During the third quarter of 2007, total passenger traffic increased 27.6% (+813,522 terminal passengers), as a result of an increase in both domestic and international passenger traffic. Eleven airports had double digit rates of growth in total traffic. The airports with the highest rates of growth were Reynosa (+65.1%), Culiacán (+40%), Ciudad Juárez (+34.9%), Chihuahua (+32.5), and Monterrey (+31.8%). In August, Culiacán became our second largest airport after Monterrey.

Domestic traffic grew 33.1% as compared to the same quarter of 2006. Twelve of our 13 airports had increases in domestic traffic. This growth was due to the increase in routes and/or frequencies by some traditional airlines and to an even greater extent by the new airlines (Aladia, Alma, Avolar, Interjet, VivaAerobus, and Volaris) which began operating at the end of 2005 at OMA’s airports. Reynosa had the largest increase (+64.6%), followed by Culiacán (+40.8%). Passenger traffic at Zacatecas airport decreased 19% as a result of the temporary suspension of Lineas Aereas Aztecas starting in March 2007. The Civil Aviation Directorate (DGAC) announced on October 10, 2007 the beginning of proceedings to revoke their concession.

International traffic increased 1.7% as compared to the third quarter of 2006, reversing the declines recorded in the first two quarters of the year. Nine airports reported international passenger traffic growth, principally as a result of the performance of scheduled international airlines, particularly Delta and Mexicana. Monterrey, Mazatlán, and Torreón had the highest international traffic growth. The Acapulco, Zihuatanejo, Durango, and Tampico airports recorded decreases as a result of a reduction in frequencies of scheduled international flights and the cancellation of some international routes.

January - September 2007

During the first nine months of 2007, total passenger traffic increased 21.5% as a result of the increase in domestic passenger traffic that offset a decrease in international traffic. The largest increases in overall passenger traffic were in the airports serving regional centers and frontier cities, such as Culiacán (+38.0%), Torreón (+37.9%), Chihuahua (+32.2%), Ciudad Juárez (+29.0%) and Reynosa (+26.7%).The new airlines opened 15 routes, and accounted for 25.3% of total passenger traffic, up from 7.7% in the prior year period.

The increase of 28.8% in domestic traffic during the first nine months of 2007 was a result of the addition of routes and flight frequencies, principally by the new airlines.

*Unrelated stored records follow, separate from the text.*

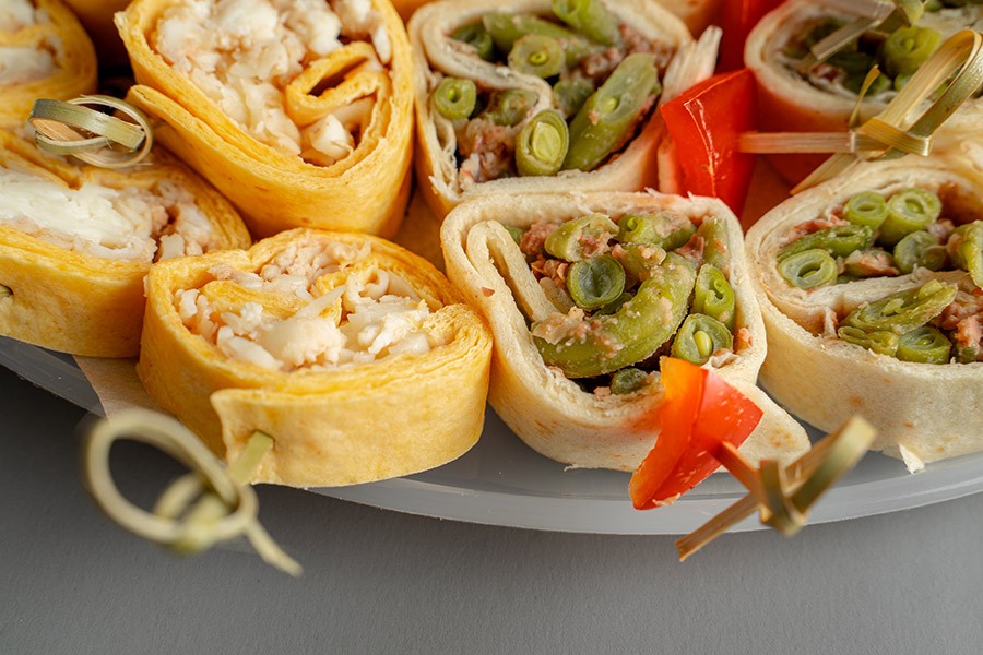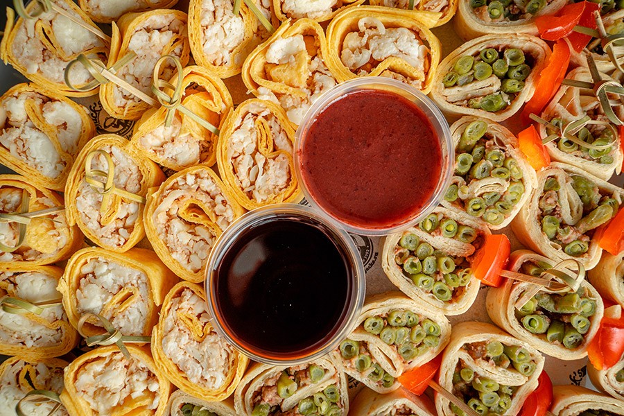 Ассорти рулетиков из завернутой в нежную тортилью начинки для любителей кавказской кухни: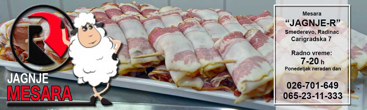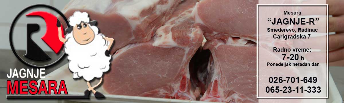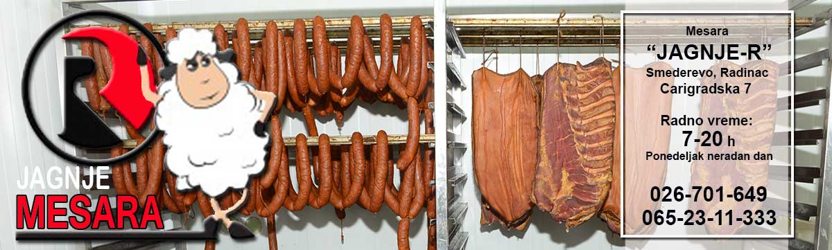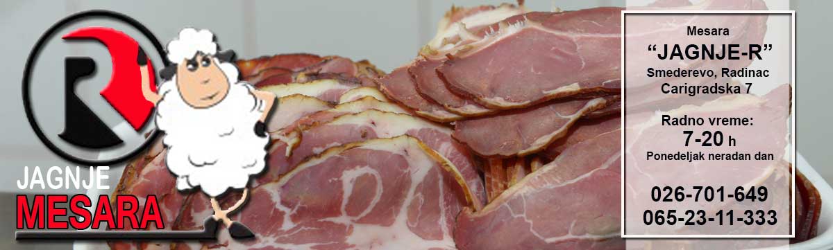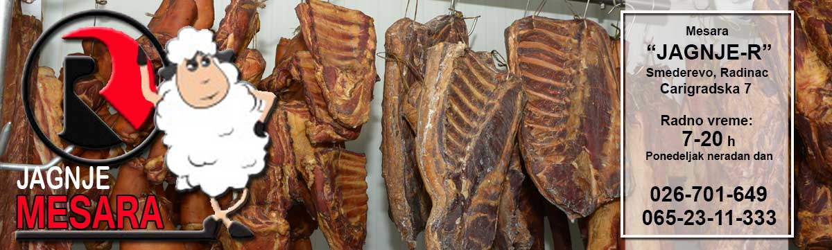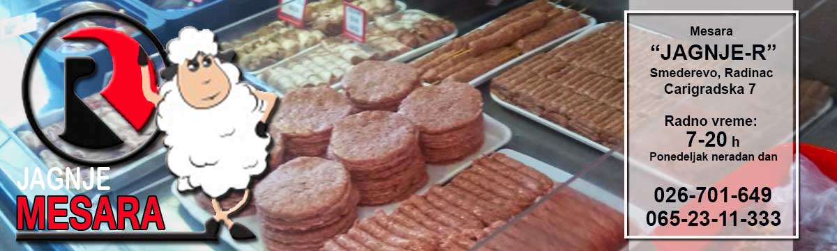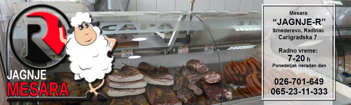 Dobrodošli na sajt mesare "Jagnje-R" iz Smedereva. Ovih dana ulazimo u desetu godinu uspešnog poslovanja. Našim kupcima nudimo najkvalitenije meso, isključivo od domaćih proizvođača, kao i suhomesnati program, proizveden na tradicionalan način.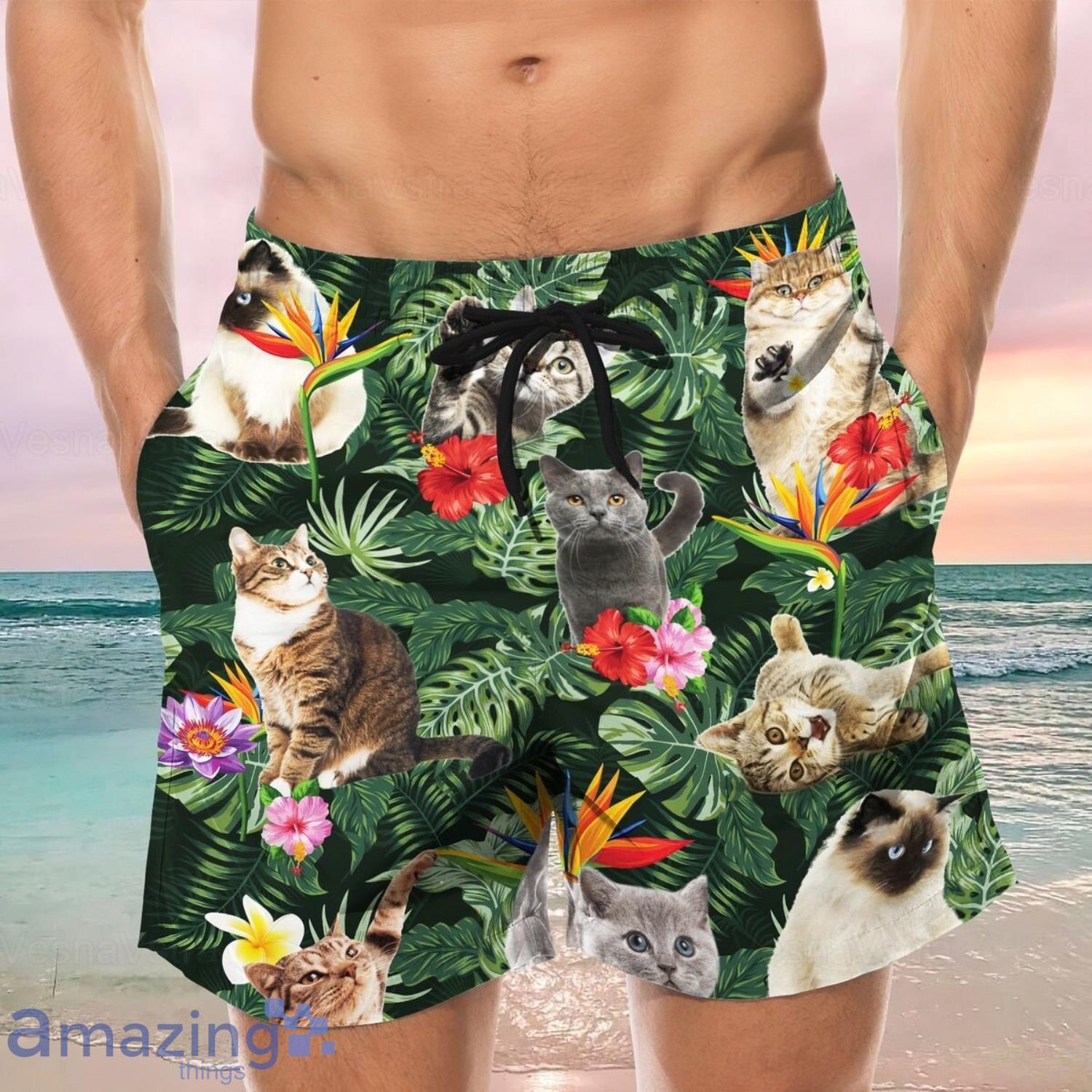 Cat Hawaiian Shirt And Shorts Cat Cat Button Shirt Floral Cat Shirt
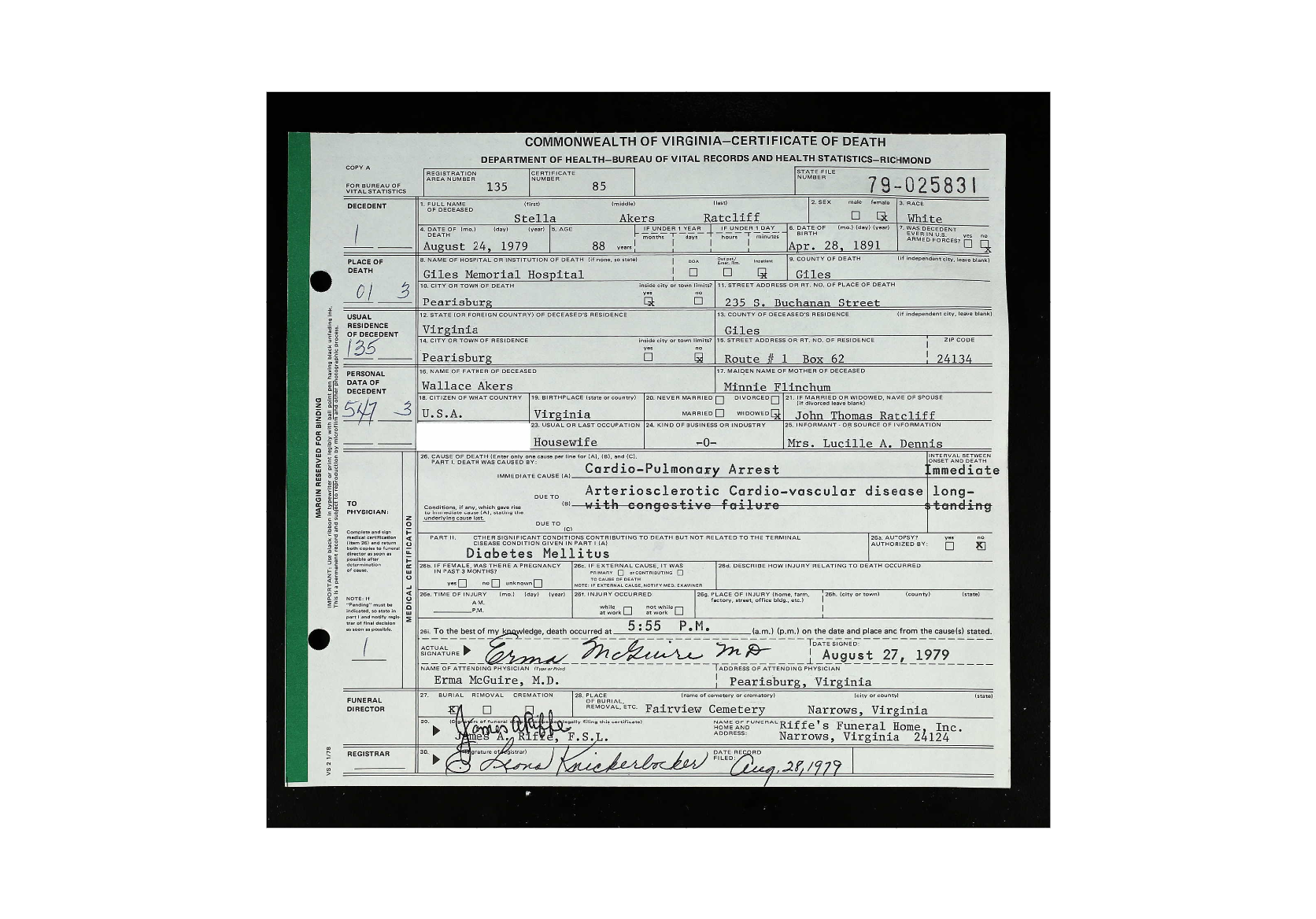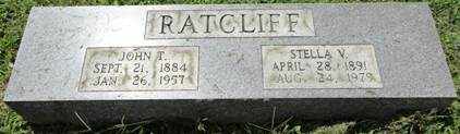 1884-1957, s/o Martin Luther & Martha Ann (Ratcliff) Ratcliff. [Death Cert] [no file] 1979 Death: 8-24-1879 Giles Memorial Hospital, Pearisburg, Giles Co., VA but of Rt #1, Box 62, Pearisburg, Giles Co., VA. [Death Cert] Stella Akers Ratcliff, 88 yo widowed w/f, b. Apr 28, 1891 VA. Spouse: John Thomas Ratcliff. Father: Wallace Akers. Mother: Minnie Flinchum. Informant: Mrs. Lucille A. Dennis. COD: cardio-pulmonary arrest immediate. Burial: Fairview Cemetery, Narrows, VA. No burial date. 1979 Burial: Fairview Cemetery, Narrows, Giles Co., VA.

The airports with the highest domestic traffic growth were Torreón (43.2%), Durango (41.4%), Culiacan (+37.9%), Chihuahua (+36.1%), and Monterrey (32.4%).

International traffic decreased 3.7%. The cancellation of certain routes and the decrease in frequency of other flights affected principally the airports of Acapulco, Zihuatanejo, and Monterrey in terms of passenger volumes.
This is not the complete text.